- Genre: Documentary
- Written by: Rebecca Snow
- Directed by: Rebecca Snow
- Starring: Helen Yermus Maxwell Smart Rose Lipsyzc
- Country of origin: Canada
- Original language: English

Production
- Producer: Steve Gamester
- Cinematography: Mark Caswell Alysha Galbreath
- Editor: Graeme Ball
- Running time: 120 minutes
- Production company: Saloon Media

Original release
- Network: History
- Release: November 11, 2019

= Cheating Hitler: Surviving the Holocaust =

Canadian television documentary film

Cheating Hitler: Surviving the Holocaust is a Canadian television documentary film directed by Rebecca Snow, which premiered in 2019 on History. The film focuses on Helen Yermus, Maxwell Smart and Rose Lipsyzc, three Jewish Canadians who survived the Holocaust as children, as they share their stories and explore unresolved questions from their histories in conjunction with historians, genealogists and forensic experts.

The film aired on History on November 11, 2019, and was rebroadcast on November 16 by the Global Television Network.

==Awards==
The film received a Banff Rockie Award nomination for Best History and Biography Documentary at the 2020 Banff World Media Festival.

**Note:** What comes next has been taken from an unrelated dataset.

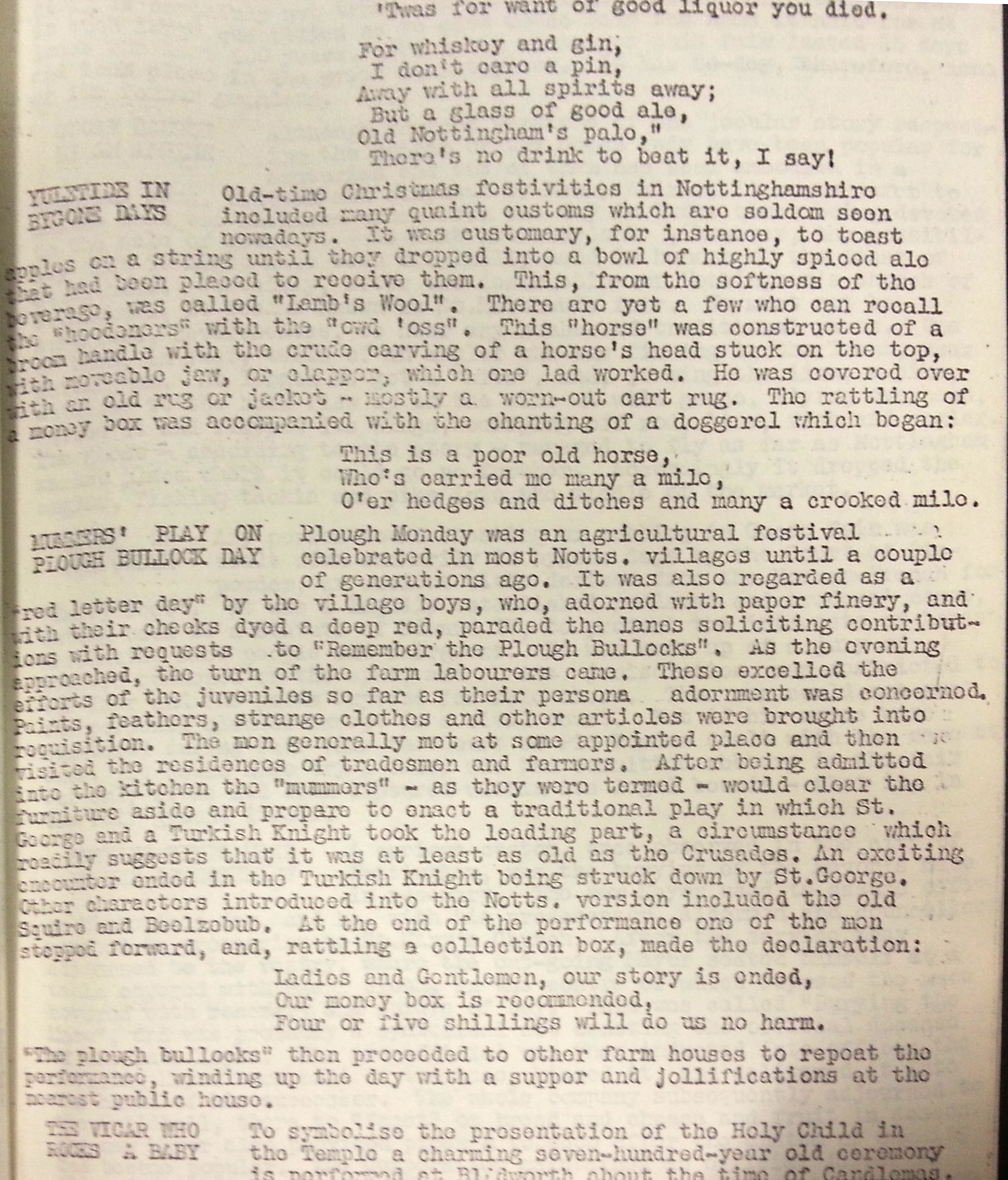 Nottinghamshire List of Folk Plays & Related Customs
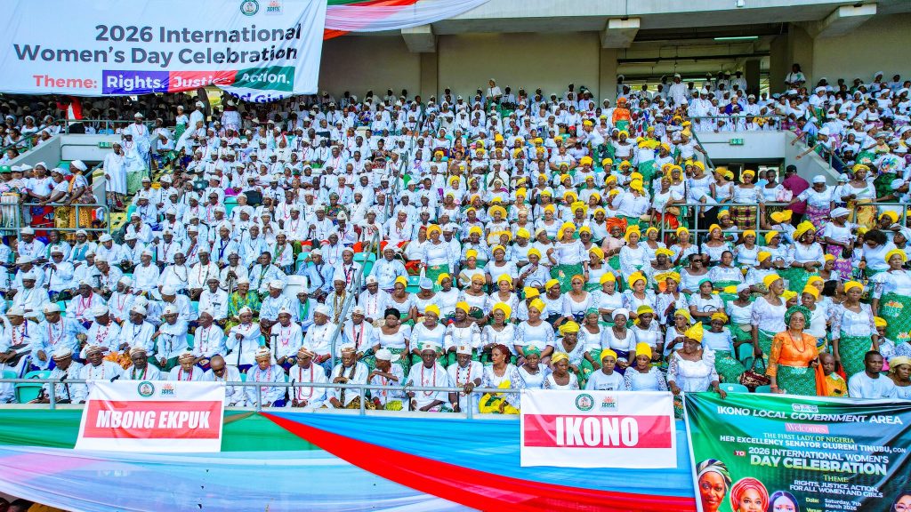 That message came into focus on Saturday, 7 March 2026, when the state hosted Nigeria’s First Lady, Senator Oluremi Tinubu, at the Godswill Akpabio International Stadium in Uyo for the International Women’s Day celebration. The event, held under the theme, “Rights, Justice, Action, For All Women and Girls,” also coincided with activities surrounding the commissioning of the ARISE Senior Citizens’ Centre along the Uyo, Ikot Ekpene Road.

It received six Canadian Screen Award nominations at the 9th Canadian Screen Awards in 2021, for Best History Program or Series, Best Editorial Research (Natasza Niedzielska, Heather Kohlmann, Steve Gamester, Rebecca Snow, Naomi Wise), Best Visual Research (Elizabeth Klinck, Elspeth Domville, Monica Penner), Best Photography in a Documentary Program or Factual Series (Mark Caswell, Alysha Galbreath), Best Direction in a Documentary (Rebecca Snow) and Best Writing in a Documentary (Rebecca Snow). It won the award for Best Visual Research.

==The Boy in the Woods==
In 2018, Smart published the memoir The Boy in the Woods, centred on his childhood experience of having to fend for himself in the forests of Poland during the war.

In 2022, Snow entered production on the feature film adaptation The Boy in the Woods, which premiered at the 2023 Cinéfest Sudbury International Film Festival.